His course would end in July 2015.
After that, he might work there for few months and then we plan to return to India. He plans to join his Family Business.

I have completed an M.B.A along with B.E and currently working full time.
I would like to work while I am in Berlin but I realize its very difficult. 

Can a dependent visa be obtained when husband is on a student visa??

The german sites mention nothing regarding this as well as the document verification list mentions employment slips. Thus, is it that only spouses of employed people recieve dependent visas?

The visa will be for 7-12 months at max.


----------



## ALKB

sarika224 said:


> Hi,
> My boyfriend is currently studying in Berlin, completing his post graduation.(Solar Technology)
> We are planning to get married this Sept 2014 and I would like to shift there in Jan 2015.
> His course would end in July 2015.
> After that, he might work there for few months and then we plan to return to India. He plans to join his Family Business.
> 
> I have completed an M.B.A along with B.E and currently working full time.
> I would like to work while I am in Berlin but I realize its very difficult.
> 
> Can a dependent visa be obtained when husband is on a student visa??
> 
> The german sites mention nothing regarding this as well as the document verification list mentions employment slips. Thus, is it that only spouses of employed people recieve dependent visas?
> 
> The visa will be for 7-12 months at max.


It is not impossible to get a student dependent visa but it is neither usual nor encouraged.

Student dependents do not automatically receive the right to work; you would have to try to get sponsored by an employer and apply for a work permit in country - not easy. 

To get the dependent visa in the first place, your husband would have to show adequate accommodation and that he can finance your and his stay without working or recourse to public funds.


----------



## sarika224

ALKB said:


> It is not impossible to get a student dependent visa but it is neither usual nor encouraged.
> 
> Student dependents do not automatically receive the right to work; you would have to try to get sponsored by an employer and apply for a work permit in country - not easy.
> 
> To get the dependent visa in the first place, your husband would have to show adequate accommodation and that he can finance your and his stay without working or recourse to public funds.


Hii,
Thanks for the information.
I understand work visa will be impossible. But is there any possibility I can study (part-time/full-time) in local institutes, Not exactly University based courses. But private institutes.??


----------



## ALKB

sarika224 said:


> Hii,
> Thanks for the information.
> I understand work visa will be impossible. But is there any possibility I can study (part-time/full-time) in local institutes, Not exactly University based courses. But private institutes.??

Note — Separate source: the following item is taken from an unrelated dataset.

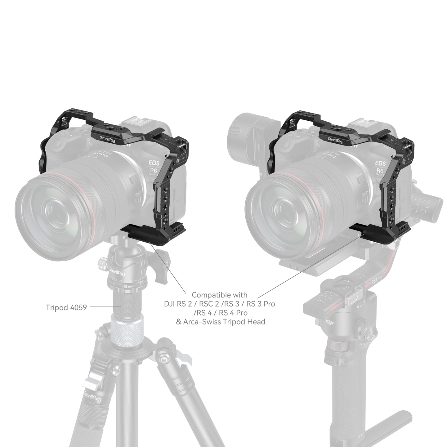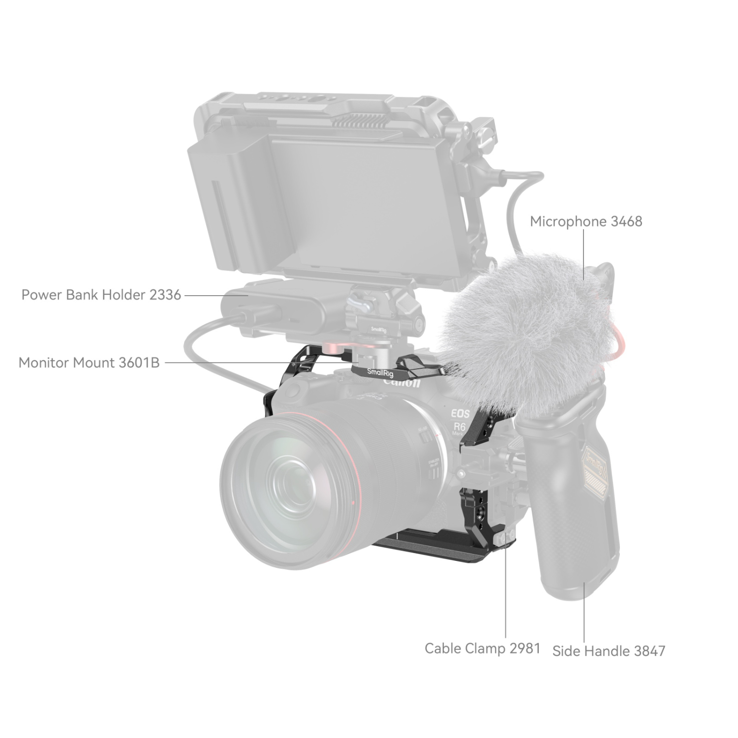La jaula de fijación rápida SmallRig HawkLock para Canon EOS R6 Mark II 4159B está diseñada para proteger y fijar los accesorios. Sujeta la cámara mediante un tornillo de 1/4"-20 en la parte inferior y un adaptador de bloqueo lateral a cada lado, mientras que las almohadillas de goma evitan que se raye. La jaula permite acceder al botón de la cámara, al compartimento de la tarjeta, a la pantalla y al compartimento de la batería, y está equipada con varios puntos de fijación para accesorios. Entre ellos se incluyen, entre otros, un orificio roscado de 1/4"-20, un orificio roscado de 3/8"-16 y un orificio de posicionamiento ARRI de 3/8"-16, que admite las empuñaduras laterales 2093 y 3814, la empuñadura superior 3765, los soportes para monitor 2903 y 2904, las placas inferiores Manfrotto 1280 y 2458, el soporte para baterías externas portátiles 2336 y la placa V Mount Battery Plate 2987. Los orificios de fijación de 1/4"-20 a ambos lados son compatibles con las abrazaderas Single Rod Clamp 3598 y Magic Arm 3873, y los dos orificios roscados de 1/4"-20 en dirección horizontal en el lado derecho garantizan una captura vertical estable.

Once you have a student dependent visa, I don't really see a problem studying even at a state university providing that you get accepted. (Do enquire with the specific instituition what their requirements are.)

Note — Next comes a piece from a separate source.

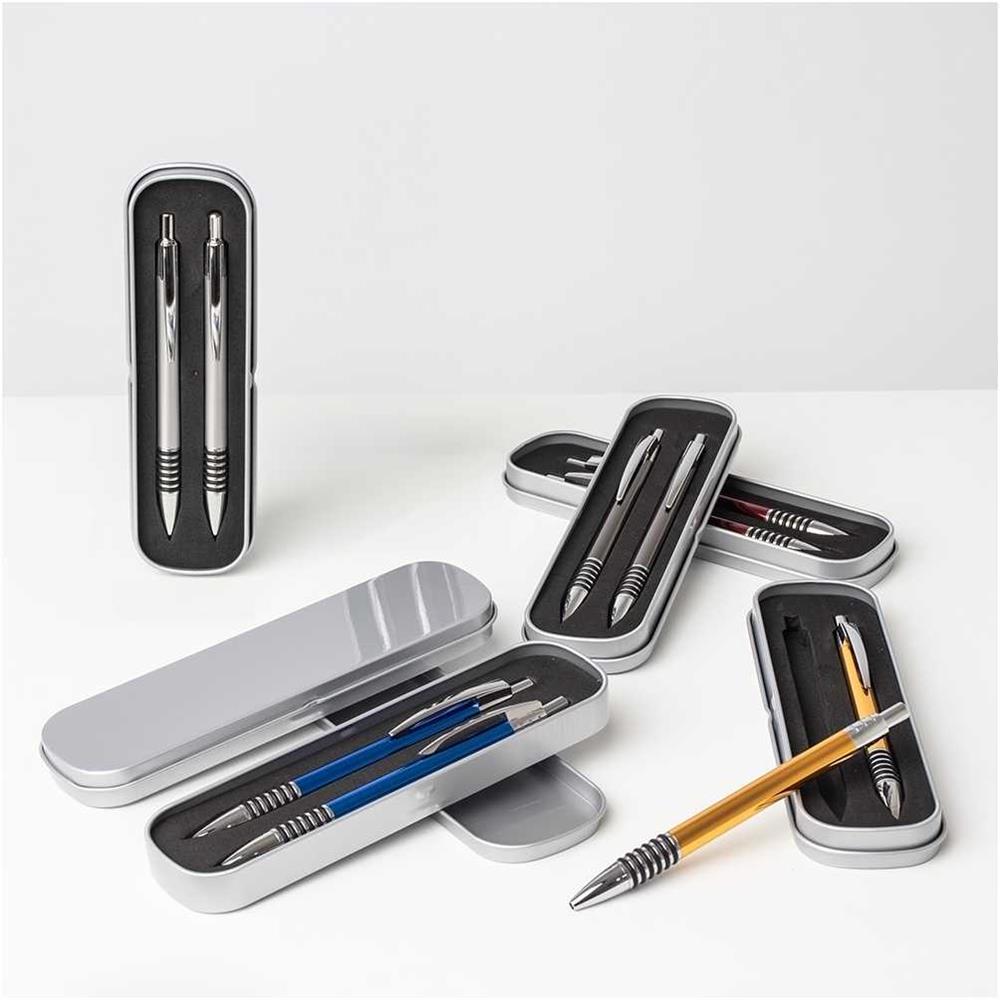 Com este conjunto de caneta e lapiseira metálicas, escrever será uma experiência ainda mais sofisticada e elegante. O estojo em metal que as acomoda, possui revestimento em espuma para evitar riscos. A caneta possui carga esferográfica azul de 1.0mm, com acionamento por clique, já a lapiseira possui grafite 0.7mm.

You won't be able to work part time as international students on student visa, though. 

So, if you want to study in the first place and seem to have enough money to show that you can maintain yourself without work or public funds, why don't you get your own student visa?


----------



## sarika224

I was planning for a student visa before and enter a University from October. But there are some issues with it. Really can't explain that. Simple thing- love marriages in India face many issues. 

Really thanks for the info though. It has helped me a lot and brought much required clarity to me.


----------